Spoon: "This time, we were set and ready to go"

Interview Spoon: “This time, we were set and ready to go”

Parting ways for new projects helped spur on a reignited Spoon towards making their latest LP, ‘They Want My Soul’.

Spoon have always been on an ascendency. Technically the most critically acclaimed band around today, by 2010 they had ‘Transference’ charting in the American Billboard album chart, with commercial success to match the applause.

It seemed as though they were on the up, ready to finally take the world by storm and become one of the foremost rock outfits in the world. Then, sometime in 2011, following the end of the ‘Transference’ tour, the band disbanded, each member burnt out by the cycle of releasing a record every two years and subsequently touring on the back of it. Acclaim, and the pressure of having to top each record, led to what singer Britt Daniel called “petty differences and squabbles” within the band, and when the opportunity came to take a break, it seemed as though it couldn’t come soon enough.

Fast forward to summer 2014, and Spoon are in midst of touring ‘They Want My Soul’ which is remarkably, their eighth record, with Daniel enthusing about what he deems to be “as good as any other record we’ve made”. The ‘petty differences’ which once blighted the band have been resolved, and they’re are preparing for a tour during the autumn across Europe and the States. When questioned about how Spoon reconvened, Daniel attributes it to all the various projects himself and the other band members - Jim Eno, Rob Pope and Eric Fischel-busied themselves with in the downtime between late 2011 and the latter part of 2013. For Daniel, he sought solace in the world of another musical project, Divine Fits. “We started the band and we figured out who was going to be in the band, recorded the songs, put out the record and toured it,” he recites. “I haven’t really had any downtime. I get bored and I get restless.”

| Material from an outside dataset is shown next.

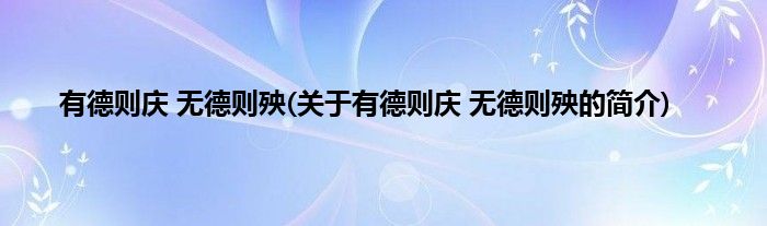 有德则庆无德则殃(关于有德则庆无德则殃的简介)

Eno concentrated on his burgeoning production career, including !!!’s 2013 album, ‘Thriller’, whilst Pope’s partner gave birth. After a heavy schedule in between 2001 and 2010, the four members of Spoon were desperate to do different things outside the confines of the band, and it was this desire to break free which, in Daniel’s case, “totally reignited my passion and desire for the band… this time, we were set and ready to go.”

Summer’s often set aside for bands to jump headfirst into festival season, and for Spoon, these shows acted as an ideal warm up for their forthcoming autumn tour of the States. Ruminating on the type of show to expect at festivals from Spoon, Daniel believed that “the only thing different [from a traditional Spoon gig] is that we often play in the daytime to people who may only have heard ‘The Underdog’, so we have to try and compete with all the other bands playing to get their attention.” The fickle nature of the paying punter at festivals works to give bands such as Spoon an incentive to play, what Daniel says, “the best damn show we can”, in order to be the “best thing they see all weekend”.

Spoon: "This time, we were set and ready to go"

"It's what I love doing. I suspect I’ll be doing it all my life."

— Britt Daniel, Spoon

The new record seems to be designed with the live show in mind; the bluesy riffs of ‘Rent I Pay’ not only inspiring toe-tapping, but hip-swivelling, whilst ‘Inside Out’ is a sure fire singalong. The latter track ranks up there with the best of Spoon’s recordings, a mostly instrumental track which sees Daniel’s vocals drift in and out. It doesn’t reinvent the formula, but boy it is successful. The rest of ‘They Want My Soul’ is your standard Spoon fare-hooks aplenty, catchy melodies and some superb musical craftsmanship. A Spoon record would be incomplete without these things.

These are exciting times for both the members, and fans, of Spoon. The break has clearly given the band a new lease of life, and the arrival of Alex Fischel on keys is, to Daniel, crucial to the renewed vigour and energy the band project on the record. For Daniel, “the fun part of any record is playing shows”, and he attributes the happiness he has felt over the past twenty years to the success of the band, being “way better than the first half of my life.” The next twenty years are uncertain, but Daniel is quietly confident that he will still be making music in some form. “It is what I love doing. I suspect I’ll be doing it all my life.”

Spoon's new 'They Want My Soul' album is out now. The band play London's Shepherd's Bush Empire on 7th November.